Eerste vallende kwartje was dat die lucht misschien niet in, maar áán mijn hoofd zat: onder m’n badmuts. Ik heb aan het eind van de training m’n badmuts afgezet. Eerder kon niet, want met natte handen een natte badmuts over m’n grote hoofd trekken lukt niet, en zonder badmuts gaat m’n haar slobberen en in m’n ogen hangen. Ik probeerde het toen nog snel even en dat leek beter te gaan.

Een paar dagen later ging ik in het zwembad zelf proberen. Inderdaad kon ik zonder badmuts wel op de bodem komen, maar ik moest daarbij wel smokkelen: mezelf met m’n handen naar beneden wapperen. Dat moest toch ook zonder kunnen, leek me.

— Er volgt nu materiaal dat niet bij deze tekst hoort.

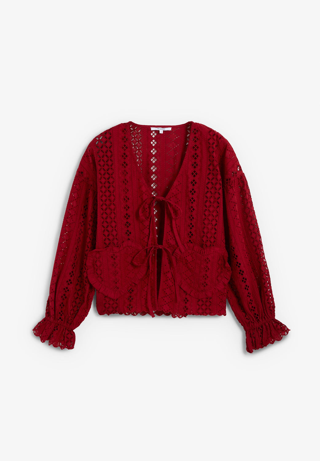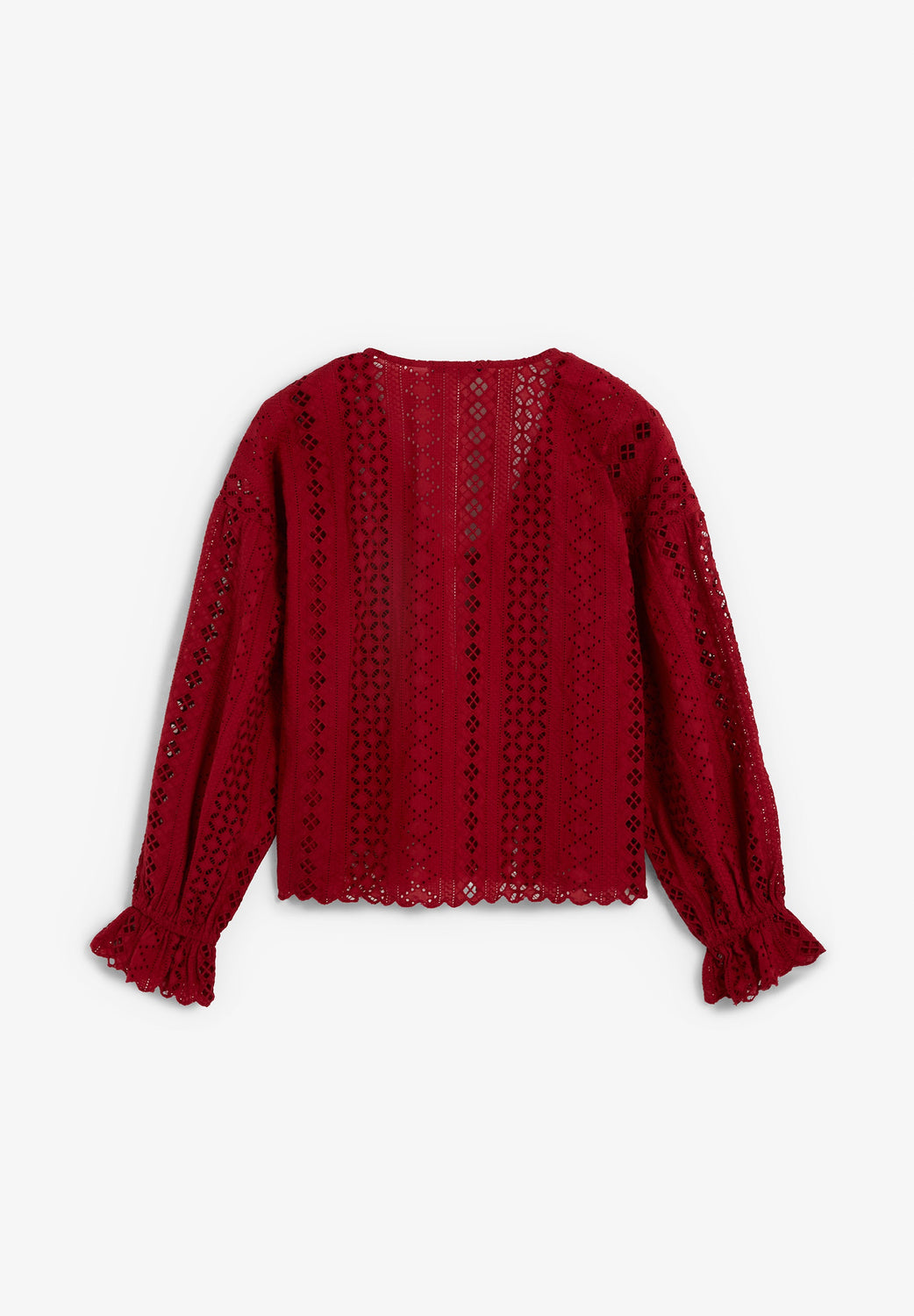 Blouse made of 100% cotton fabric. Hearts detail on front. Perforated fabric. Double tie-up front fastening. V-neck and long sleeves. Gathered ruffle on the cuff.
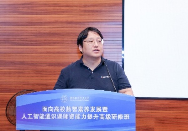 南京航空航天大学副校长施大宁在致辞中表示,当前以人工智能为核心的新一轮科技革命正深刻重塑全球经济结构和社会形态,高等教育面临前所未有的机遇与挑战。他强调,提升师生人工智能素养是服务国家创新发展的紧迫任务。南京航空航天大学已将人工智能赋能教育教学列为重点工作,构建了分层分类的教师发展课程体系。施校长指出,本次研修班致力于推动AI通识教育创新,希望与会专家和同仁在交流研讨中收获丰硕成果,共同推动高等教育的高质量发展。
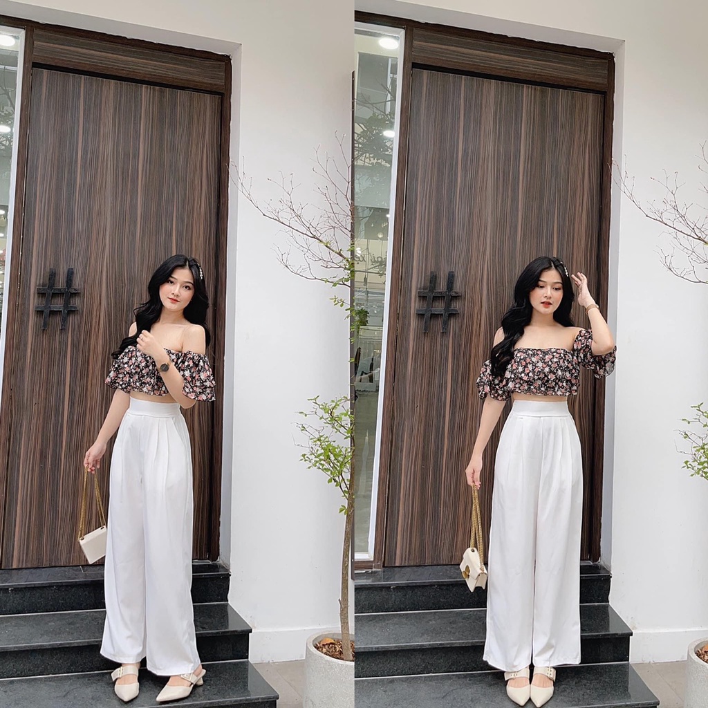 Giới thiệu Set trễ vai hoa nhí xếp tầng quần ống rộng TH753

Of nouja, eigenlijk dacht ik nogal fanatiek Ik! Wil! Dit! Kunnen! Ik denk namelijk dat ik best wel een aardige beheersing van m’n ademhaling heb, dankzij de zangles en stemvorming van vroeger en de yoga van de laatste jaren. Alleen is dat wel allemaal vooral buikademhaling, en ook zonder badmuts bleef ik vooral aan de bovenkant drijven, wat me het idee gaf dat de lucht bleef zitten in de toppen van m’n  longen. Daar krijg je ‘m met buikspieren niet uit. Hoe dan wel? Dat moet mij toch ook lukken?!

Op het droge bedacht ik dat het legen van de toppen van je longen lukt door jezelf klein te maken: schouders naar voren, bocheltje in bovenrug, kin naar borst, in elkaar kruipen – precies het tegenovergestelde van wat je moet doen als zanger of spreker dus. Ik dacht: onthouden voor in het water.

Gewapend met het nieuwe inzicht ging ik vandaag weer naar het zwembad. Eerst zwemmen, dan badmuts af en de badmeesters waarschuwen, dat ze niet denken dat ik lig te verdrinken op de bodem van het zwembad. De eerste poging mislukte nog, maar bij de tweede, jawel: ik zonk naar de bodem! Met m’n armen voor m’n borst gekruist, wat helpt bij het in elkaar kruipen, en dus zeker zonder te smokkelen.

Het lukt, ik zink! dacht ik triomfantelijk. En daar lag ik dan.

Nou is de volgende stap in de oefening dat je 10 seconden op de bodem blijft liggen, dan 10 seconden zitten en dan nog 10 seconden liggen. Dat is me nog diverse bruggen te ver en dat hoef ik niet per se te kunnen van mezelf. Ergens zijn oefeningen zonder adem natuurlijk ook heel onaangenaam. Ik heb vandaag ook gezwommen met een ademfrequentie van 1 op 6, 1 op 7 en 1 op 8. Dat is al onprettig genoeg, moet ik zeggen.

Maar ik ben heel blij met het onder de knie hebben van zinken!